Y nunca en su tierra de origen se les ha rendido un homenaje ni un simple recuerdo a estos cientos de civiles almerienses e hijos de almerienses que murieron acribillados a solo una lengua de agua de la Puerta Purchena.
Argelia, tras un pasado español y otomano, fue conquistada por los franceses en 1830 quienes principiaron a colonizar esas tierras con un mosaico de nacionalidades, principalmente españoles de Almería y de Alicante. Los almerienses se avecindaron sobre todo en Orán, donde crearon una amplia colonia. Allí vivían familias enteras apellidadas Berenguel o Martínez o Vargas, o Cervantes y allí fueron prosperando oriundos de la capital, Pulpí, Tabernas, Roquetas, Mojácar, Carboneras, de Adra y sobre todo de Alhama. Eran barberos, charcuteros, panaderos, electricistas, mecánicos o tenían un hotel, como los Díaz de Tabernas, familia de los del Molino de los Díaz.

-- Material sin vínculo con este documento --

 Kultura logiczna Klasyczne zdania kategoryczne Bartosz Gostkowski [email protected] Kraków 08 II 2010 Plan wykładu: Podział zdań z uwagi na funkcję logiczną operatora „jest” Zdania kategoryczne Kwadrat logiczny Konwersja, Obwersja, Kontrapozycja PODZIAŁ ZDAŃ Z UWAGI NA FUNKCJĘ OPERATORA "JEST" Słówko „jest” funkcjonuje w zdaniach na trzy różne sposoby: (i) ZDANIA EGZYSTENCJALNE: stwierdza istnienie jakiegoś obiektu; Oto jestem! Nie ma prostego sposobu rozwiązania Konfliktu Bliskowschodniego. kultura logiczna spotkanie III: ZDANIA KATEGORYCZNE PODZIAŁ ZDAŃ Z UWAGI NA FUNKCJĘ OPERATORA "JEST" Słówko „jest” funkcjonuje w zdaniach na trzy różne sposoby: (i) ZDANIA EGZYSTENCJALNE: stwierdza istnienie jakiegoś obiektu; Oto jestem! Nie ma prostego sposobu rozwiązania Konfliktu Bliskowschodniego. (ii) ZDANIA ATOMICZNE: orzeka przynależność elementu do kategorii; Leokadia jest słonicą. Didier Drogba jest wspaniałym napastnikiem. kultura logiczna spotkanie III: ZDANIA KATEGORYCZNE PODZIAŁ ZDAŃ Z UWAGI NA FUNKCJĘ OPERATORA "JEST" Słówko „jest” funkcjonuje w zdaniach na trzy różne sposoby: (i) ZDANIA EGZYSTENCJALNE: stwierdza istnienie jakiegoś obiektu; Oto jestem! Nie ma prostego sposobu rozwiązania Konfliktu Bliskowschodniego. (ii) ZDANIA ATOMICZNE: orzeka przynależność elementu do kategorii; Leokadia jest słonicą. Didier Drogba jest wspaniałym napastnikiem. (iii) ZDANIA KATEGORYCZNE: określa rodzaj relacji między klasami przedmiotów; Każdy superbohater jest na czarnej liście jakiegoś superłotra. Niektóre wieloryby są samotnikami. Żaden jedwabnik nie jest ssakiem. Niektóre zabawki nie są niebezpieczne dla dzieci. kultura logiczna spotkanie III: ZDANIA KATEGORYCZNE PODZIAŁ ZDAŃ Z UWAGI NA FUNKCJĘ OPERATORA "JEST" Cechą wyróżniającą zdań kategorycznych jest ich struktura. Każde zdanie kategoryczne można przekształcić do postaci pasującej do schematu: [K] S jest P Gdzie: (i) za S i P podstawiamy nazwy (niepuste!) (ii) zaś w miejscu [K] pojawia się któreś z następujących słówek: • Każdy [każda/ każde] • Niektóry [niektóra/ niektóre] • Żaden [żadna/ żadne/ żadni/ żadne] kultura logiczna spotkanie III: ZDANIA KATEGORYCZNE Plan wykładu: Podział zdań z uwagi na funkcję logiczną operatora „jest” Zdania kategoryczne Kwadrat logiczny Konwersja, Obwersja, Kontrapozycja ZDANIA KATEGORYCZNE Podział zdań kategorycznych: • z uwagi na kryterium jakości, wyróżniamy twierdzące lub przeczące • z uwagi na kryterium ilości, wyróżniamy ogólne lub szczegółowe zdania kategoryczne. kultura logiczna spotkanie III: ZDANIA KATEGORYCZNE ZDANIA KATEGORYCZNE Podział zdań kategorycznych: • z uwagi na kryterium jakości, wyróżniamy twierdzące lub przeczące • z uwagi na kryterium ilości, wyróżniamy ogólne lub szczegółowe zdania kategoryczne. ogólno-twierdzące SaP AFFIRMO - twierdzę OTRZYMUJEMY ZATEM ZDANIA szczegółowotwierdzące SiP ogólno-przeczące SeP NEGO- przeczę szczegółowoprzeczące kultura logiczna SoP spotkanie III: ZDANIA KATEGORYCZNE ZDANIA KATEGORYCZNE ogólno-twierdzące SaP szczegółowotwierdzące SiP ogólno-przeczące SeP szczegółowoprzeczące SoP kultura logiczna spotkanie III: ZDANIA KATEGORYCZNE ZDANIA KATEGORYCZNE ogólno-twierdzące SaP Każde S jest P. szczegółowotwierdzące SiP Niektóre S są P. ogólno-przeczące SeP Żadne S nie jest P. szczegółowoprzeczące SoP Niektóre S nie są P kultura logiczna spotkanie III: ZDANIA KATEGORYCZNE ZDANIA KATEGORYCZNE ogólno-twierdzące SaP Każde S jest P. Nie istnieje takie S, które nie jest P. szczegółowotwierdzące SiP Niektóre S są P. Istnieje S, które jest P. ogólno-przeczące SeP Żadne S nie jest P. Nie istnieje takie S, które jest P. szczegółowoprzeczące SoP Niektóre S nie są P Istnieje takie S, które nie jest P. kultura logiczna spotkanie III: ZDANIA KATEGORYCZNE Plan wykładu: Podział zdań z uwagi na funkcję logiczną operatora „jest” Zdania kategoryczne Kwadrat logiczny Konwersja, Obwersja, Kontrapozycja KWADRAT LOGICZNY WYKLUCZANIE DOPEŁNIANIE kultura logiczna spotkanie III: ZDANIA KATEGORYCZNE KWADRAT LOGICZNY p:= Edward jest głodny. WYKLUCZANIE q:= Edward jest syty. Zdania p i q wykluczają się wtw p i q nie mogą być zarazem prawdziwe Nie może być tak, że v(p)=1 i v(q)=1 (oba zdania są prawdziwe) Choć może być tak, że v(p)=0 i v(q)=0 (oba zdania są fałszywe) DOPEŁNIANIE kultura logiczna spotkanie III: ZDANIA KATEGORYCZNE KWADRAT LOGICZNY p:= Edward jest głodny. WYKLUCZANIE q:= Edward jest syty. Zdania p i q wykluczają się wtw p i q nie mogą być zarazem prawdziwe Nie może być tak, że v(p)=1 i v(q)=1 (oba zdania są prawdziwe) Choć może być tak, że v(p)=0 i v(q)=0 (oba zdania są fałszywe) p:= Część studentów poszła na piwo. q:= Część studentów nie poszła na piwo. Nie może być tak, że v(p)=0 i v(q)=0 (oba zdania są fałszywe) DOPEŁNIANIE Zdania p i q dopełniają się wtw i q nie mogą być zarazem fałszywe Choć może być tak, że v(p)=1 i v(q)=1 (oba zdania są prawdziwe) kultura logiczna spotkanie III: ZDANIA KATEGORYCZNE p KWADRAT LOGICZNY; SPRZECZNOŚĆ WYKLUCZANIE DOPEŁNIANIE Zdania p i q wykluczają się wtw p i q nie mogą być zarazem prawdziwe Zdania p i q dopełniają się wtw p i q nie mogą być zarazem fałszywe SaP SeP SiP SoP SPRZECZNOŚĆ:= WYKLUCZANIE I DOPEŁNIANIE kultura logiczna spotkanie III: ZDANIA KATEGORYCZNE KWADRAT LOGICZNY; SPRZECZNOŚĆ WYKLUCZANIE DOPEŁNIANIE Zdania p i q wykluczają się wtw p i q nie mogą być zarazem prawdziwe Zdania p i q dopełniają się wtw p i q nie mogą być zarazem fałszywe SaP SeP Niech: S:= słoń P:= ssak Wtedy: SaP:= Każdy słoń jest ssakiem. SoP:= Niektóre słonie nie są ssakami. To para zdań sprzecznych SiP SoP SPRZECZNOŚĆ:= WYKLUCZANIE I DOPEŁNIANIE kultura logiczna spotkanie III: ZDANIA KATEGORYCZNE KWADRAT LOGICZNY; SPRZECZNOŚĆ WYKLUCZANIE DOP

Allí, esos almerienses de la diáspora hacían su vida, tenían su equipo de fútbol, su club de boxeo, su salón de baile -El Continental- donde hacían sonar una gramola, su lavadero, su Plaza de la Perla y hasta su Virgen de Santa Cruz. Y también conservaban sus motes almerienses –el Picaporte, el Matalauva, el Caraluna, el Jabegote-y el acento almeriense cantarín mezclado con el francés y la costumbre de sacar las sillas a la puerta en las noches de verano y la de reunirse los domingos para comerse unas migas. Toda esa vida sencilla y plácida empezó a esfumarse a partir de 1954 cuando una parte de la población árabe empezó a radicalizarse y a cometer atentados sangrientos, con toque de queda a las diez de la noche, con bombas en autobuses, en bares y restaurantes. De Gaulle les hizo frente pero después cedió y en 1962 se firmó el Acuerdo de Evian que concedía la independencia a Argelia bajo la presidencia de Ben Bella y se ordenó el alto el fuego.

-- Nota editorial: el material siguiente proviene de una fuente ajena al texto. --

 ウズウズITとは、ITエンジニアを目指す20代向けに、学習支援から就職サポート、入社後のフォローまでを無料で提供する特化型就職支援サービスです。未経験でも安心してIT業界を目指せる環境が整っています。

Pero ese fatídico día del 5 de julio, los independentistas se tomaron la justicia por su mano para neutralizar lo que creían que habían sido décadas de opresión bajo el yugo extranjero y se cebaron en los más pobres, en los más indefensos, en aquellos almerienses e hijos de almerienses que a lo único que aspiraban era a tener un rato la tarde de los domingos para bailar pasodobles y escuchar en la radio a Juanito Valderrama.

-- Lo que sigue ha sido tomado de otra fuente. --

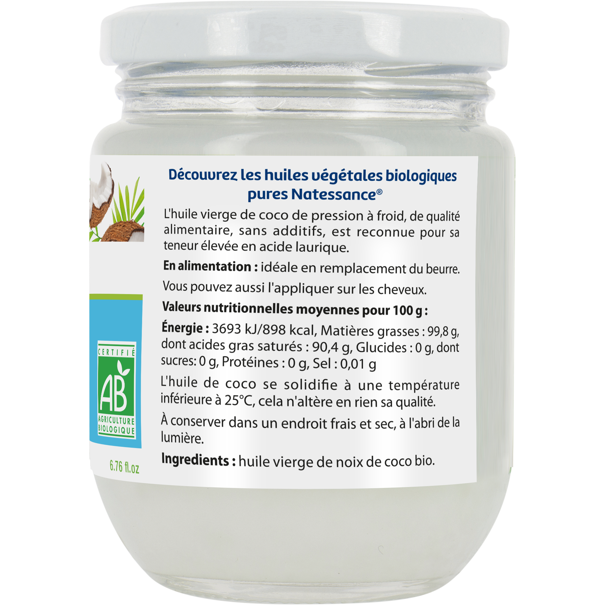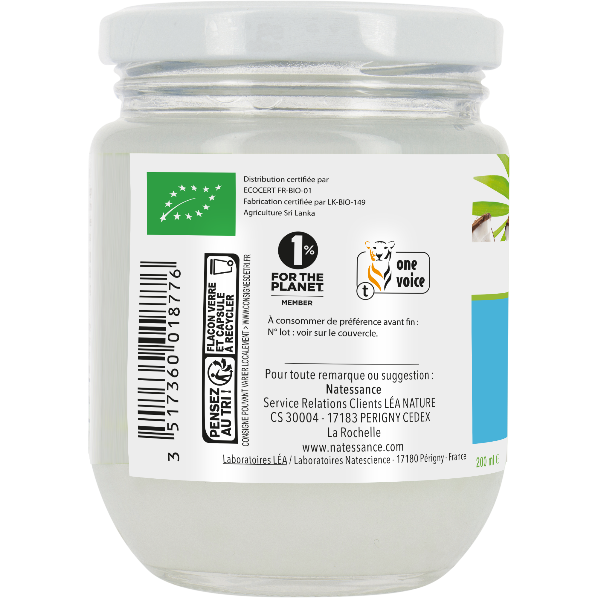 Natessance Huile de Coco Bio 200 ml est une huile 100% pure et nourrissante. Cette huile vierge de coco de pression à froid, de qualité alimentaire, sans additifs, est reconnue pour sa teneur élevée en acide laurique. Elle est idéale en remplacement du beurre et peut s'appliquer sur les cheveux. Elle se solidifie à une température inférieure à 25°C, cela n'altère en rien sa qualité. Certifié Agriculture Biologique. Distribution certifiée par ECOCERT FR-BIO-01. Fabrication certifiée par LK-BIO-149. Membre de 1% For The Planet (gamme éthique, éco-conçue et reversant 1% de son chiffre d'affaires à des associations environnementales). Membre de One Voice, association de loi de 1908 qui mène un combat non violent pour les droits des animaux et le respect de toute vie.

De los miles de almerienses que escaparon de ese infierno, unos se establecieron en Francia, donde se les aprobó una pensión, aunque fueron menospreciado e insultados ‘Al agua con los pieds-noirs! y otros volvieron a sus pueblos de Almería donde rehicieron su vida de la mejor posible. Hoy, parte de ese grupo de sansculottes oraneses se reúne cada 5 de julio en la Rambla para no olvidar nunca a los que perecieron en la matanza.